Full code available on Github
Today we’re going to walk through implementing your own local LLM RAG app using Ollama and open source model Llama3. Let’s get into it.
When LLMs Fall Short
So you have heard about these new tools called Large Language Models (LLMs) and you want in, you head over to ChatGPT, type in your question and get a good response, success. You decide to step it up and type in something more specific and current related to your business. The result is less than ideal, you are met with a message that states the model was not training on data after X date or worse, the model has hallucinated and has given you a completely wrong answer. So what do you do now, give up?

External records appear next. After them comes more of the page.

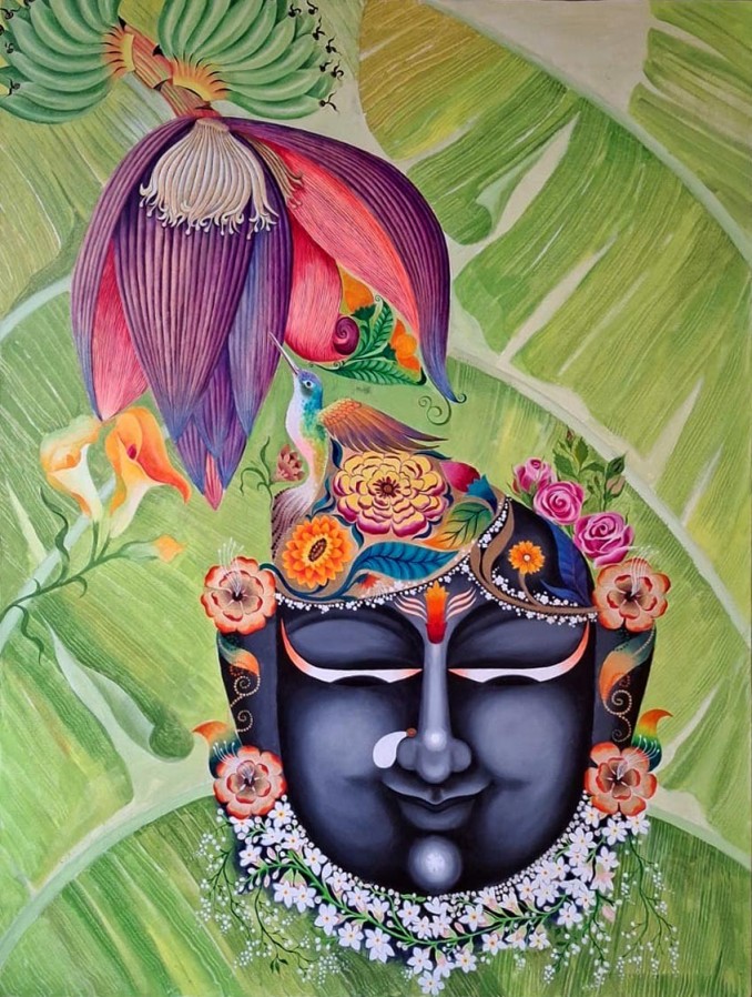 Every ‘swaroop’ of Shreenathji inspires her to explore deeper meanings, using vibrant colors and natural forms to evoke the Lord’s omnipresence. Through her art, she conveys that Shreenathji is not just a subject but an eternal source of inspiration, deeply intertwined with nature.With unwavering devotion and artistic passion, Shubhangi Samant continues her creative journey, aspiring to bring alive the divine through her brushstrokes, one painting at a time.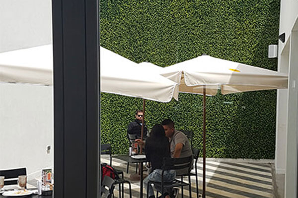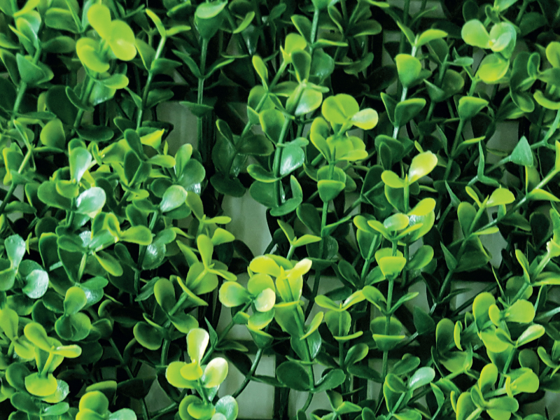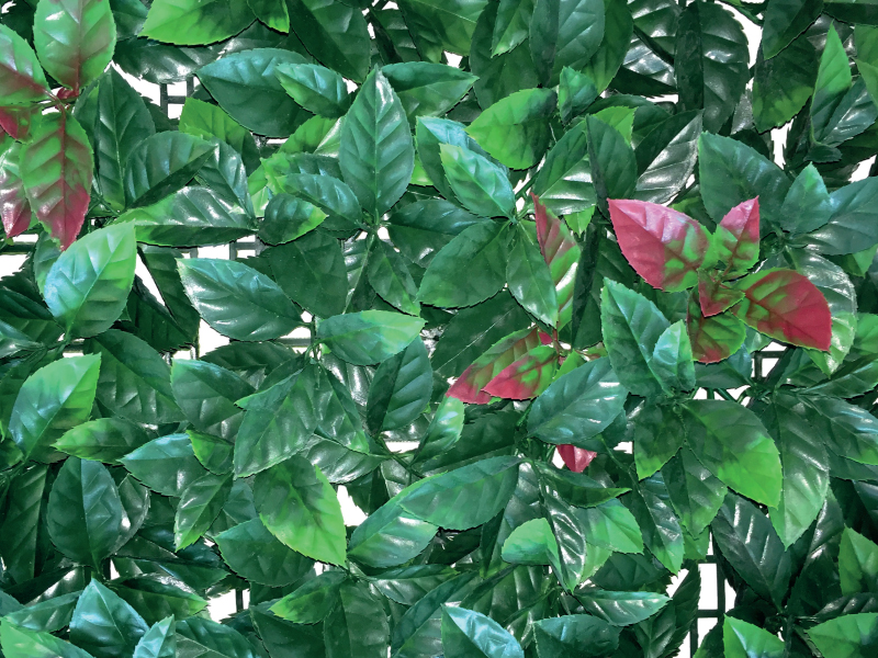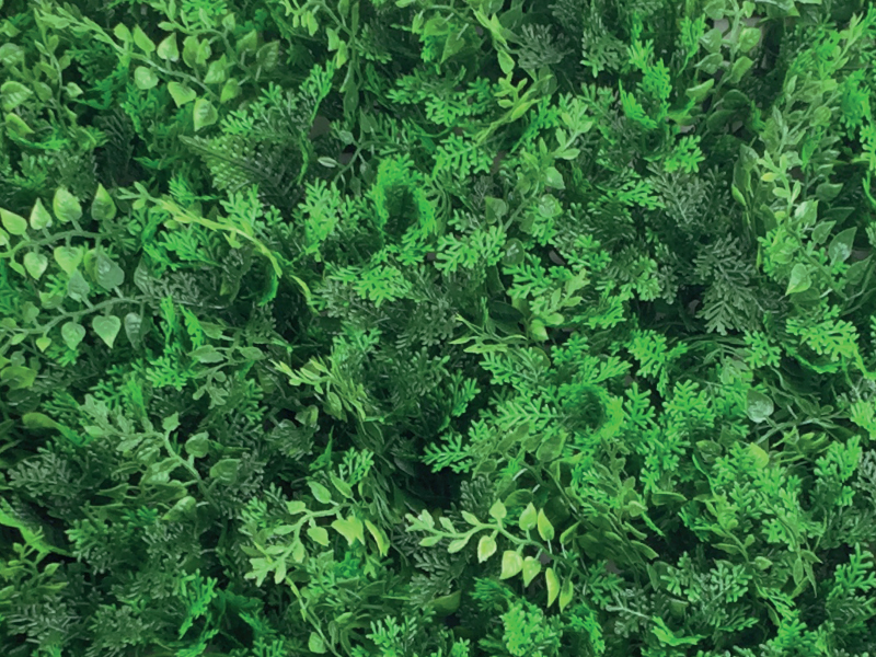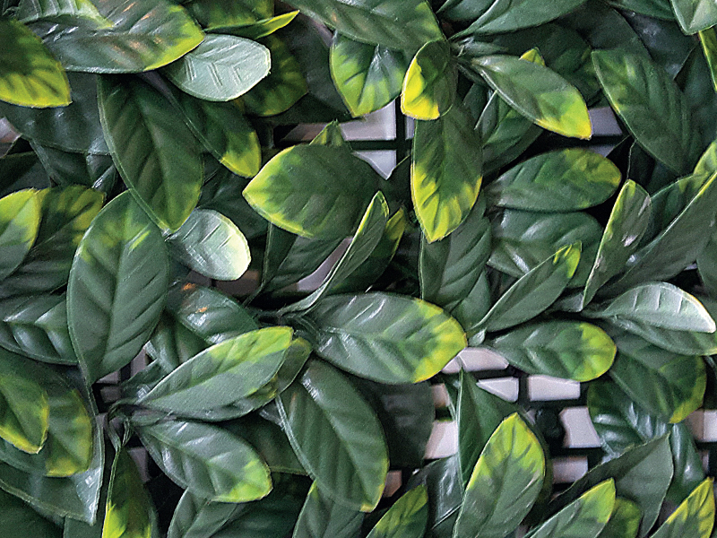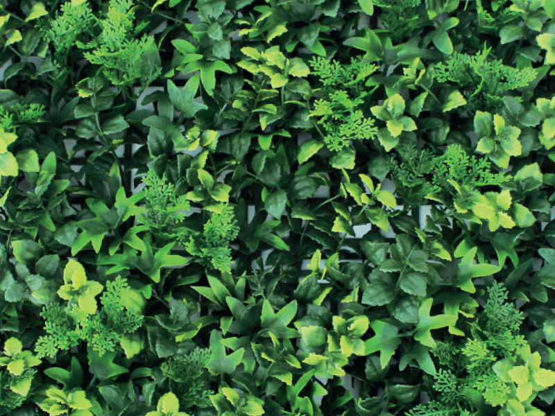 Cerco de plantas confeccionado con follaje artificial de polietileno aditivado con protección UV, fácil de instalar. Funciona como enredadera, muro verde o jardín vertical. No requiere ningún tipo de mantenimiento. Su presentación es en paneles automontables de 50x50cm.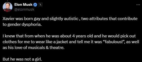 22日当天,马斯克还在社交平台X上发文称,威尔逊“出生就是同性恋,有轻微的自闭症,这两个特征导致了性别焦虑”。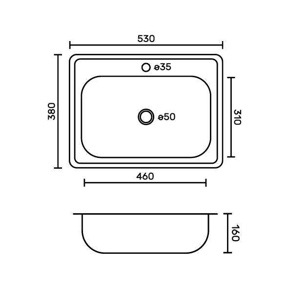 Врезная мойка FABIA из нержавеющей стали, отличный вариант для кухни, она прослужит многие годы. Классическая форма и хромированный цвет гармонично впишутся в любой интерьер и никогда не выйдут из моды. Оптимальный размер позволяет свободно мыть посуду, без страха её разбить. Мойка врезается в столешницу. Специальное дополнительное антишумовое покрытие, нанесенное на обратную сторону чаш, разработано для снижения шума воды в мойке. Конструкция краев мойки, крепления и специальная уплотнительная прокладка обеспечивает максимально плотное прилегание к столешнице и защищает от протекания. Практичная площадка, расположенная в углу, даёт возможность вмонтировать любую понравившуюся модель смесителя. В комплекте сифон с большой горловиной с переливом, крепёж. Габаритные размеры: ширина 530 мм, длина 380 мм, глубина 160 мм, толщина стали 0,6 мм. Вес - 2,500 кг, объём - 0,04400 м3.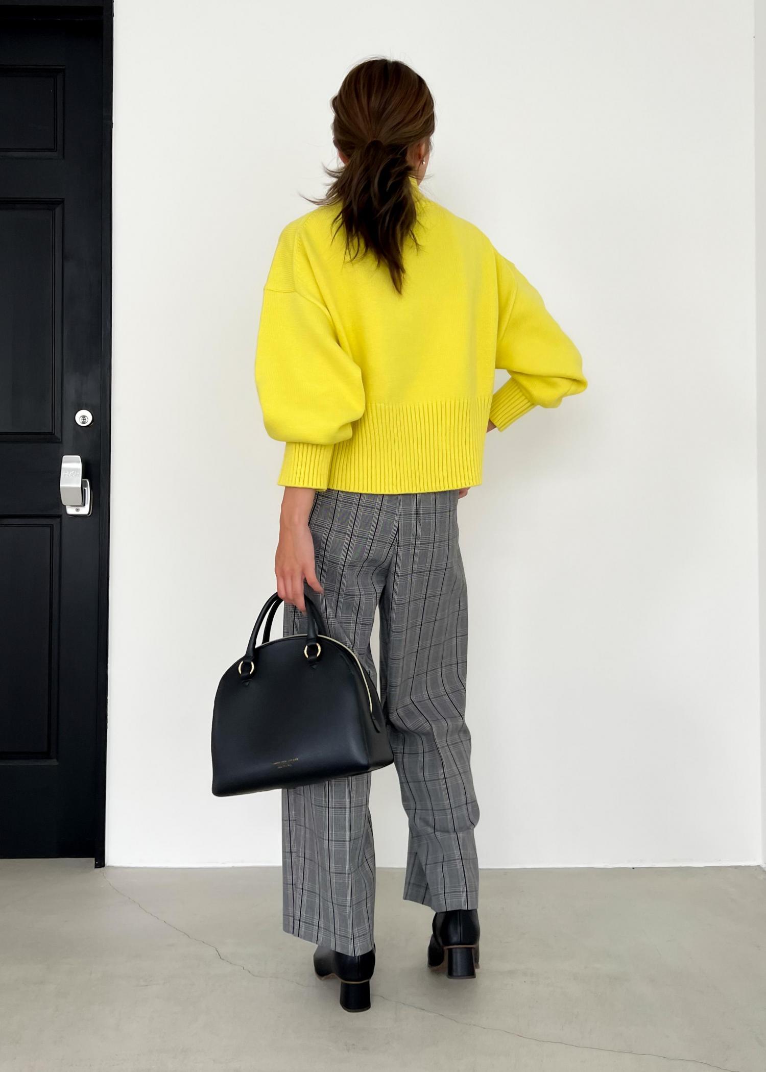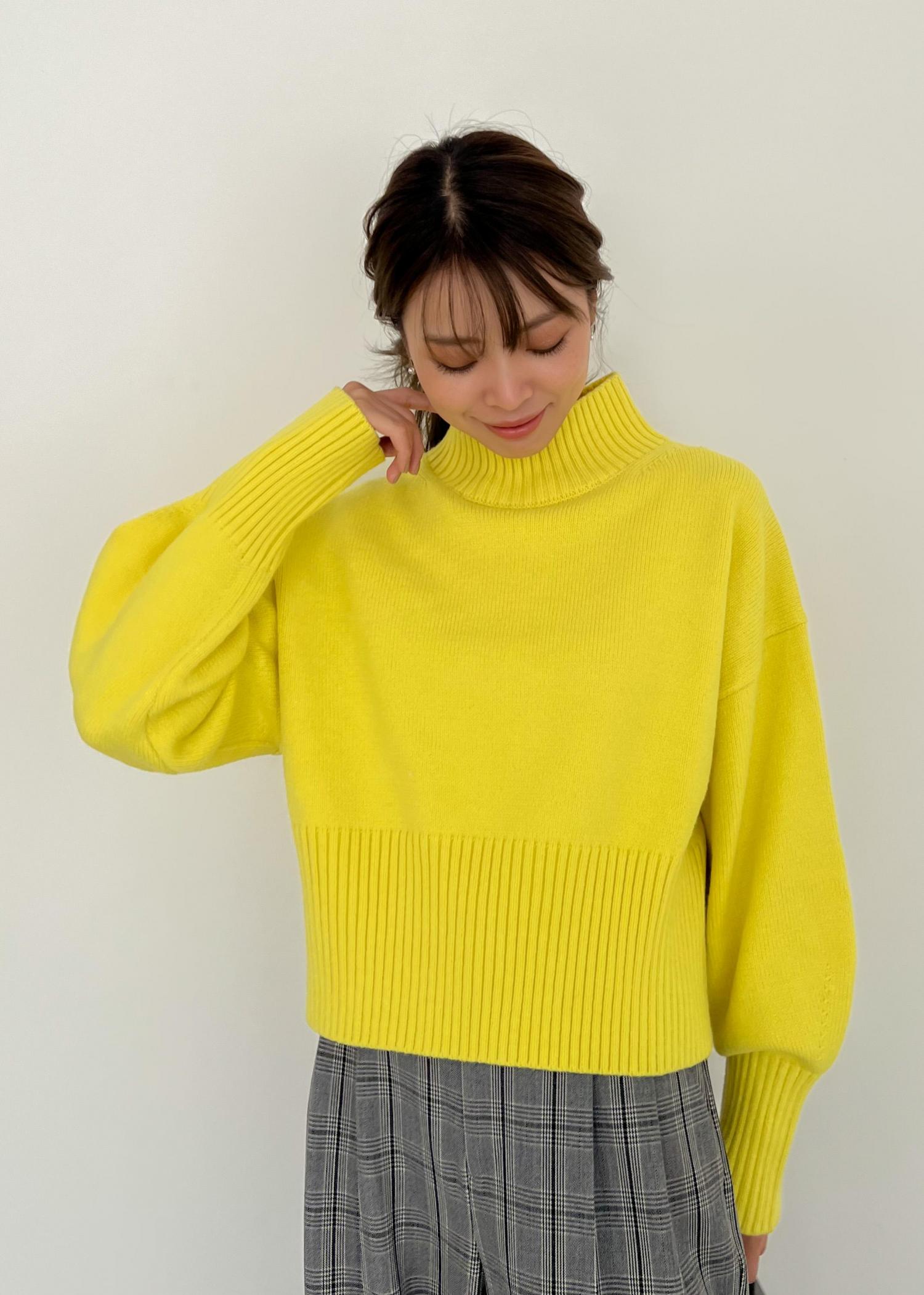 明るいイエローのニットは、柔らかくチクチクしない肌触りで着心地も楽ちん。

The problem I’ve laid out here is a common one with LLMs. The model training is a costly and intensive process which only has access to publicly available information. For practical, business use cases we need responses to be current and based on internal knowledge. There are two primary methods to achieve this; fine tuning & retrieval augmented generation (RAG).
Fine Tuning – Process where a pre-trained model, like GPT-4o, is further trained on a specific dataset to adapt it to a particular task or domain. This involves taking the trained model and tweaking its parameters so it performs better on the desired task, like answering questions about medical information or reviewing quarterly reports. Essentially, it’s like teaching a generally smart assistant to become an expert in a specific area by giving it additional, targeted training.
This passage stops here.